Maternal morbidity is disappointingly high in North Carolina with unjust race and ethnic disparities. Severe maternal morbidity (SMM) encompasses events that occur during and after pregnancy that are harmful or dangerous to a patient’s health and may even lead to death. These morbidity events include organ damage, such as heart attacks, strokes, lung failure, blood clots, and kidney failure. Severe maternal morbidity occurs in 1.75% of deliveries in North Carolina, compared to roughly 1.2% of deliveries nationwide. Also in North Carolina, Black patients experience SMM at a rate 1.8 times higher than White patients. While predicting which patients may experience maternal morbidity has the potential to improve health care delivery and save lives, there are currently no effective mechanisms for prediction.

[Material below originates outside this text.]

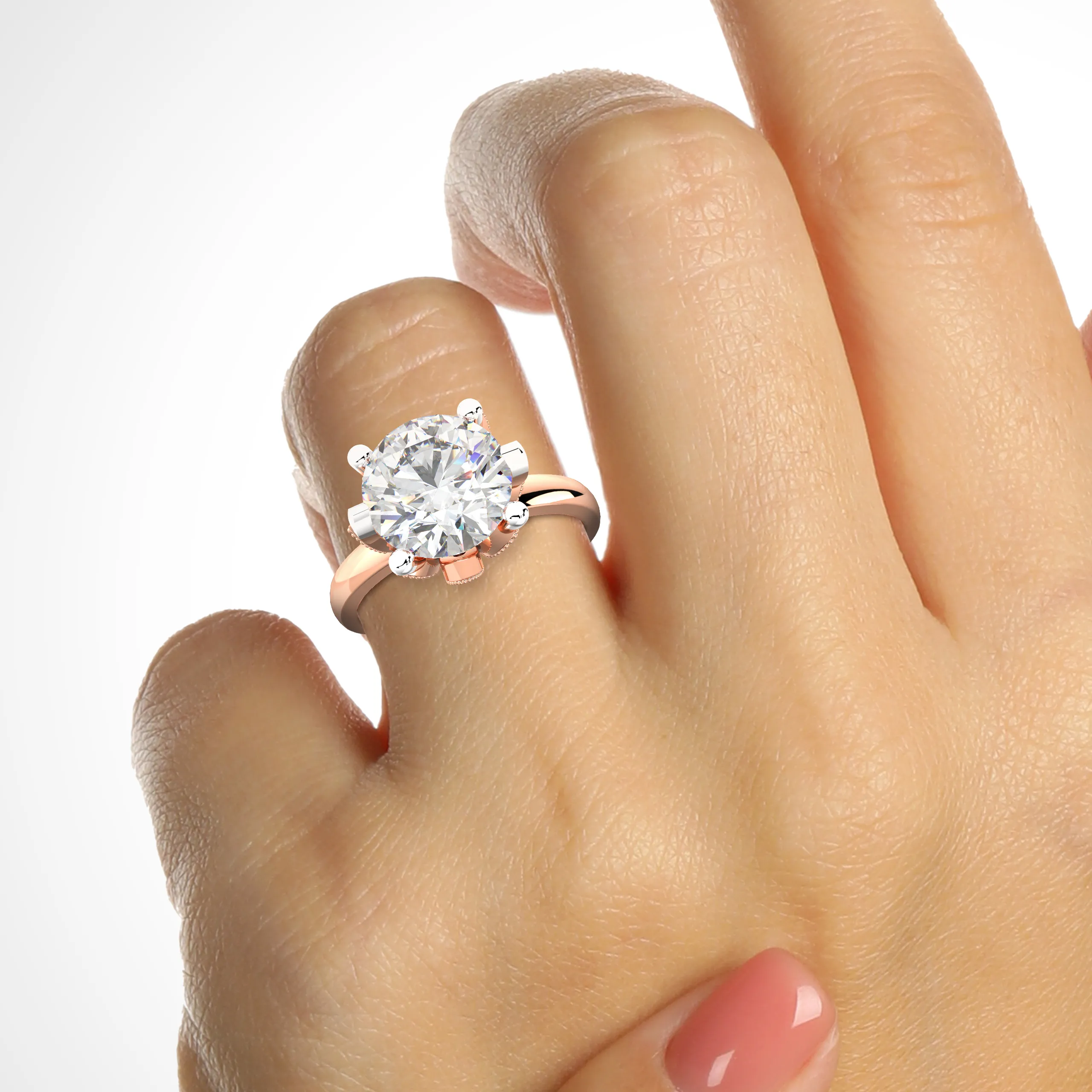 An ethereal diamond ring featuring a round brilliant center set in pavé-studded petal prongs — a modern tribute to blossoming elegance.

Overarching Goals and Approach

Ultimately, this project aimed to reduce maternal morbidity and mortality at Duke and UNC. Towards that goal, the project specifically intended to create a multicenter dataset of maternal comorbidities (medical diseases before pregnancy) and outcomes. With this dataset, the team 1) used the OB Comorbidity Index (OB-CMI; a weighted risk score that uses 20 diseases present at the time of delivery; Leonard 2020) to determine the risk profile of pregnant patients at Duke and UNC and determine the morbidity events that are most common; 2) determined the SMM rate at Duke and UNC; and 3) explored what racial and ethnic disparities exist in SMM. Duke and UNC both have large health systems and significant referral volume for high levels of care.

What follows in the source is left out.